Souq launched its platform in 2005. With operations in the KSA, UAE, and Egypt, the company draws in over 45 million visitors each month. Souq’s inventory includes more than 8.4 million products across a broad list of categories.
CEO Ronaldo Mouchawar commented on the recent acquisition saying, “We are guided by many of the same principles as Amazon, and this acquisition is a critical next step in growing our e-commerce presence on behalf of customers across the region”. The company also acknowledges that this acquisition will also be beneficial to further their delivery services as well as to its customer selection.
After months of speculation, the deal was said to be in the range of approximately $650 to $700 million. It was also rumored that both Amazon and Souq were discussing an acquisition of 30 percent stake for $300,000 on Amazon’s part.
According to Bloomberg, Mohamed Alabbar’s Emaar Malls bid $800,000 so Souq, rivaling Amazon.
While Amazon has been expanding into India, China, and Mexico, this acquisition is one of the largest deals Amazon has had in years. The deal is expected to close this year.
Goldman Sachs, the advisors of the acquisition commented on the news calling the purchase “the biggest-ever technology M&A transaction in the Arab world..” The purchase comes as a great benefit to Amazon as it is their first time getting their foot in the door of the Middle Eastern market.
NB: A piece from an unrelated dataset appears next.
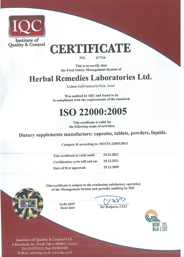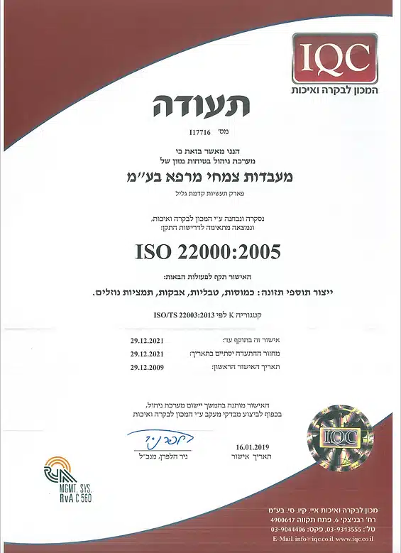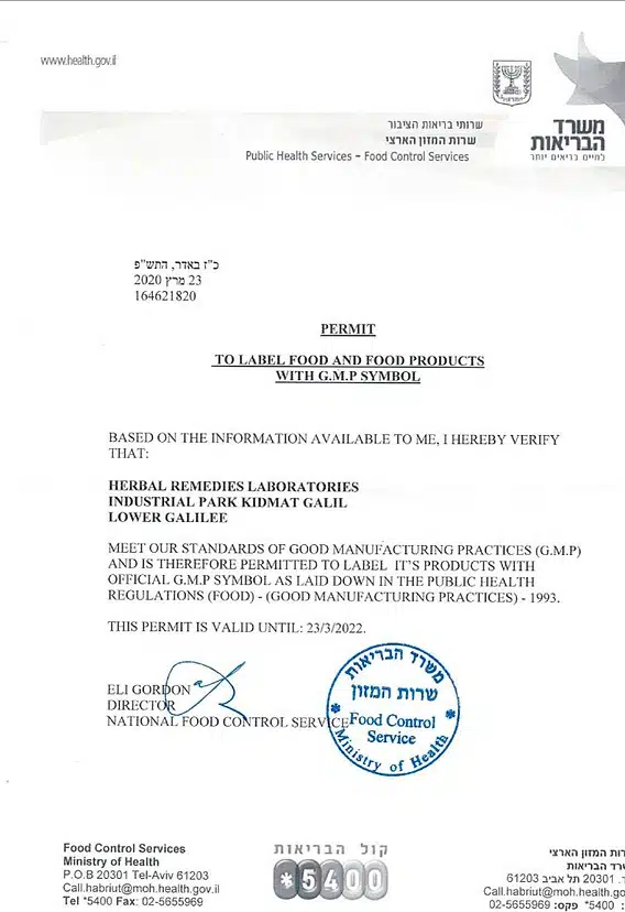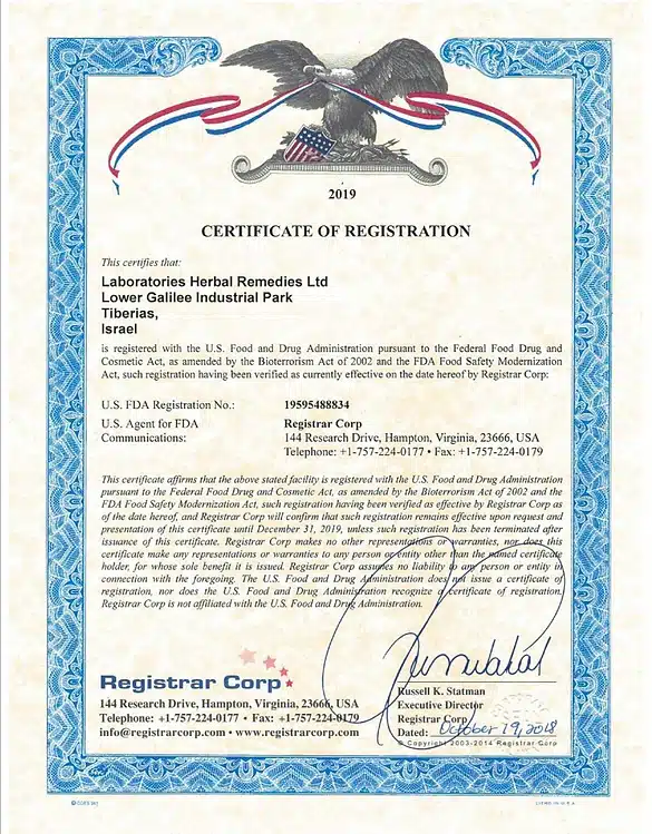 Производство продукции, имеет всю необходимую сертификацию, как израильскую так и международную, включая GMP от министерство здравоохранения Израиля и Американского FDA.

It is expected to be just as successful in this region as it has been in every other market they have ventured in.
The entire Middle East has about 50 million consumers, however, only 2 percent of purchases are made online in the region. While wealth is common in the area, e-commerce remains greatly untapped. Shopping at malls and retail centers is more popular in the area as it is seen as a leisure activity. This could be the beginning of Amazon dominating in the Middle East or even expanding online retail expenditure amongst those countries. Certainly, Amazon will make a strong presence in emerging markets such as Egypt, Saudi Arabia, and the UAE.
While other buyers have tried to make it in the Middle East, they have not had as much luck as Amazon is expected to have. Yahoo bought Maktoob for $160 million, an online services company, back in 2009 but eventually shut down those Middle Eastern operations. Jeff Bezos, founder of Amazon, is focused on the long-term potential of Souq, bolstering its probability of success.
Considering Souq’s track record, it seems like a promising investment for Amazon. The company completed the largest e-commerce financing in the Middle East’s history, having raised $275 million from investors Tiger Global Management and Naspers. Souq even added several investors including Standard Chartered Private Equity, IFC, and Baillie Gifford. The company used these investments for new technology and new product categories.
The company even launched a fulfillment operation for sellers last year called “Fulfilled by Souq.” It also invested in a local grocery app called InstaShop. The app, based in Dubai, offers a 30-minute delivery to local resident. Another success for Souq is their recent same-day delivery available in Dubai.
Luckily, for both companies, e-commerce within the region is expected to grow 30 percent a year, according to Star Chartered analysts. Amazon’s aquision of Souq promises real potential.
A version of this article appeared in the Tuesday, April 4th print edition.